В итоге мы подружились – Ким мне поверил. Думаю, он решил, что ему очень повезло – в ряды его революционного кружка вступила сотрудница ГССБ, дочь одного из творцов Системы, мечтающая отомстить за отца. Побывавшая на грани смерти в зоне Е. Потерявшая отца, мать, мужа. От души ненавидящая человека, которому подчиняется. Чем, конечно, хороша была моя история, так это тем, что и придумывать ничего особенно было не надо, и все мои эмоции были подлинными. Разговаривала с ним я действительно искренне.
Ким стал моим личным биоби-мастером, другом, младшим товарищем и – наполовину записками, наполовину жарким эзоповым шепотом – рассказал мне, на что, собственно, рассчитывает.
Он не был дураком и не считал себя единственным лучом света в царстве тьмы. Он искал этот луч. Он верил, что где-то существует штаб настоящего Сопротивления. Умные люди с возможностями – где-то в высших, элитарных слоях, среди А-плюсового чиновничества или крупного бизнеса. Ким искал этот штаб, верил, что найдет его, и эта вера придавала смысл его жизни.
Я доложила об этом Веберу и спросила:
– Что вы собираетесь с ним делать? Зачем он вам вообще? Он же безобидный.
– Ни за чем, – ответил Макс холодно. – Просто держи руку на пульсе.
Больше вопросов я не задавала. Держать руку на Кимовом пульсе было приятно и несложно: он был милым и романтичным, читал мне стихи и искренне верил, что однажды Сопротивление победит.
– Прощай, Андрей, – сказала я, подавая Киму руку. – Заберешь к себе Субботу, пока меня не будет?
– Конечно, моя госпожа.
Это дурацкое обращение биоби-мастера к заказчику было очень популярно в зоне А, а еще больше в А-плюсе. Все не могу привыкнуть.
– Просила же не называть меня так…
Я еще раз сжала его теплую и крепкую ладонь и полезла в авиакар.
– Вот это да, – сказал мне Андрей в спину, – скоро вы увидите самого Тео Буклийе.
В интонациях Кима сейчас явственно читалось: «ШТОП ОН ЗДОХ».
– С ума сойти. Вот бы оказаться на вашем месте, – продолжал он деревянным тоном.

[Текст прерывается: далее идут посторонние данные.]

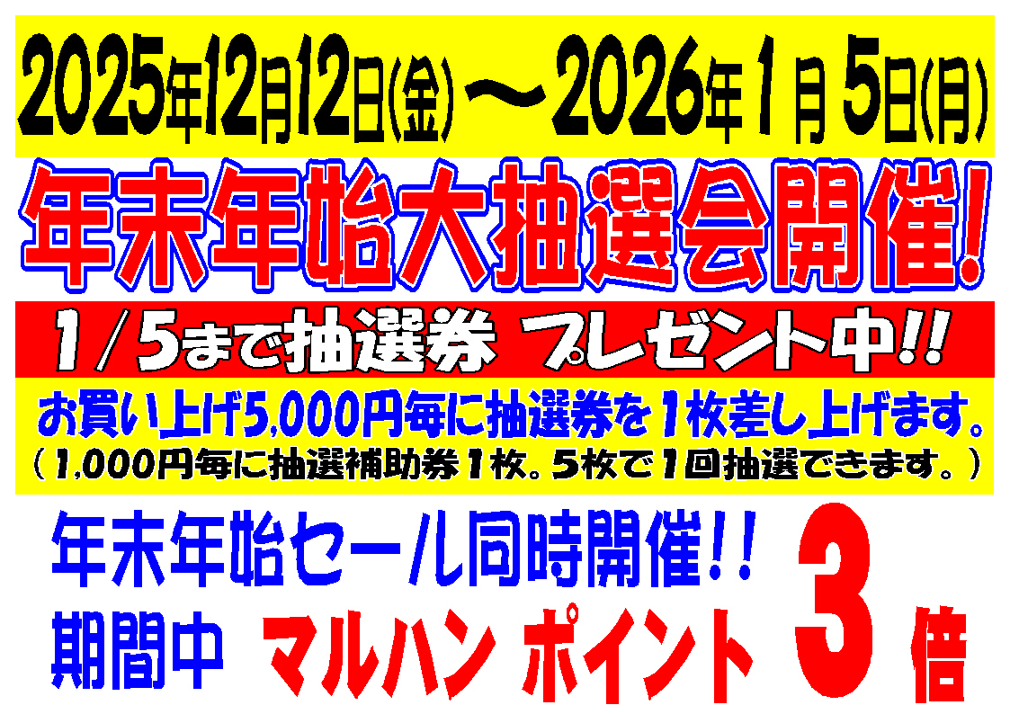 いつもマルハンをご利用いただきありがとうございます。 今年も皆さまへの感謝を込めて、年末年始の特別イベントを開催いたします! 2025年12月12日(金)~2026年1月5日(月)まで 年末年始大抽選会と同時に年末年始セールも開催! ぜひこの機会にマルハンへお越しください。

– Напьешься – будешь, – ответила я знакомой с детства бессмысленной фразой, которую почему-то говорил в таких случаях отец, и устроилась в белом кожаном кресле. Герметичная дверь бесшумно закрылась.

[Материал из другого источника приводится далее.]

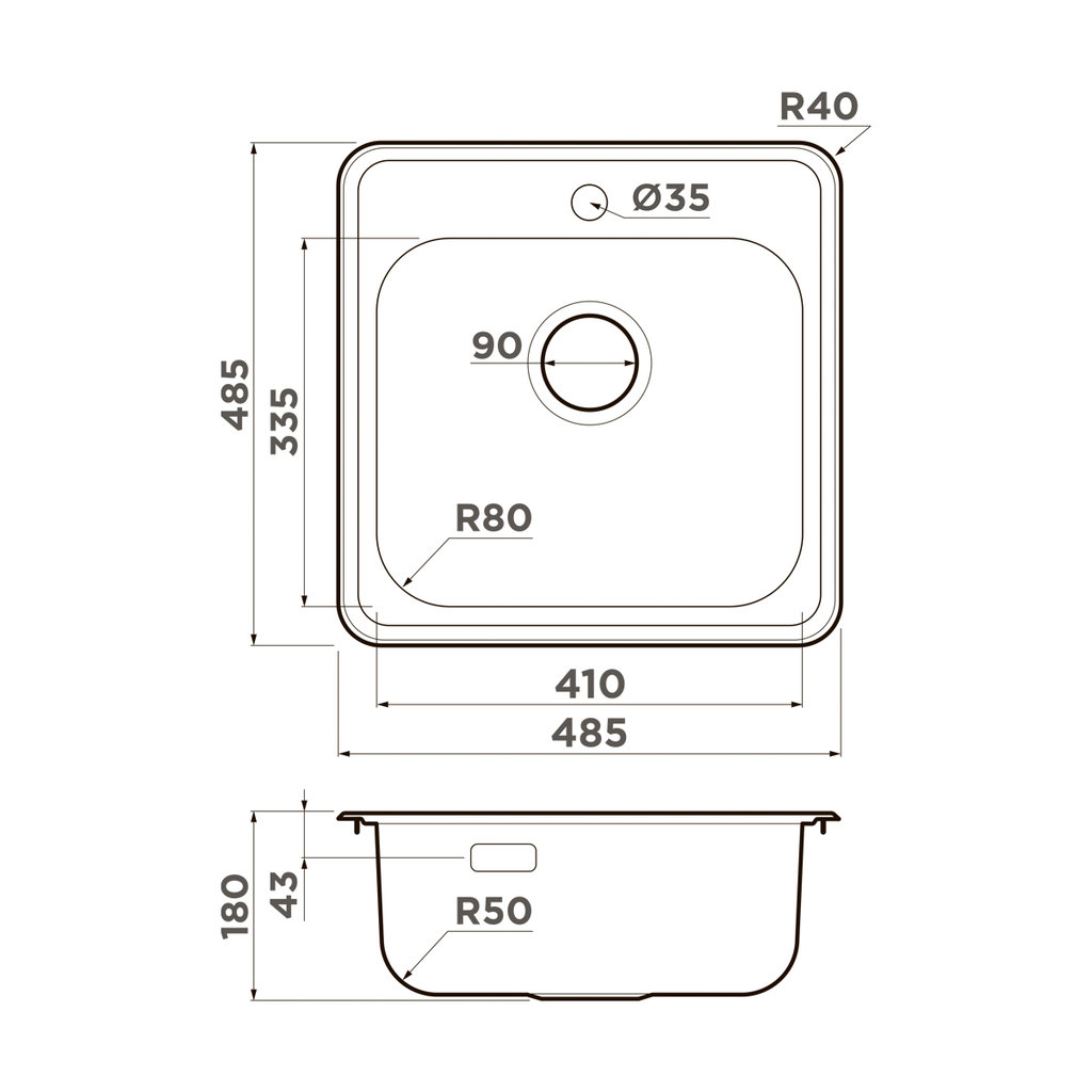 Omoikiri NOTORO 48 IN - схема с размерами версия 2 к мойке на разных языках на Hausdorf

Авиакар оторвался от земли, на мониторе замелькали сообщения – автопилот связывался с авиадиспетчером, и начал набирать высоту. На лужайке стоял Ким с Субботой на руках и махал мне вслед. Я смотрела на него сверху вниз и вдруг почувствовала, что буду по нему скучать. Он был простым и добрым человеком с одной внятной жизненной целью и, как говорится, одним дном. Вебер – тот имел множество доньев. А великий Тео Буклийе, знакомиться с которым я летела, вообще, наверное, был сволочью совершенно бездонной…
Зелень, парки и жилые кварталы обетованной зоны А стремительно уменьшались, превращаясь в геометрически правильные фигуры внизу. Я летела в А-плюс – в рай на земле.
Для удобства я перевела Универсум с экрана биочасов на монитор перед собой и откинулась на белую мягкую спинку сиденья из органической кожи. Что там у нас новенького?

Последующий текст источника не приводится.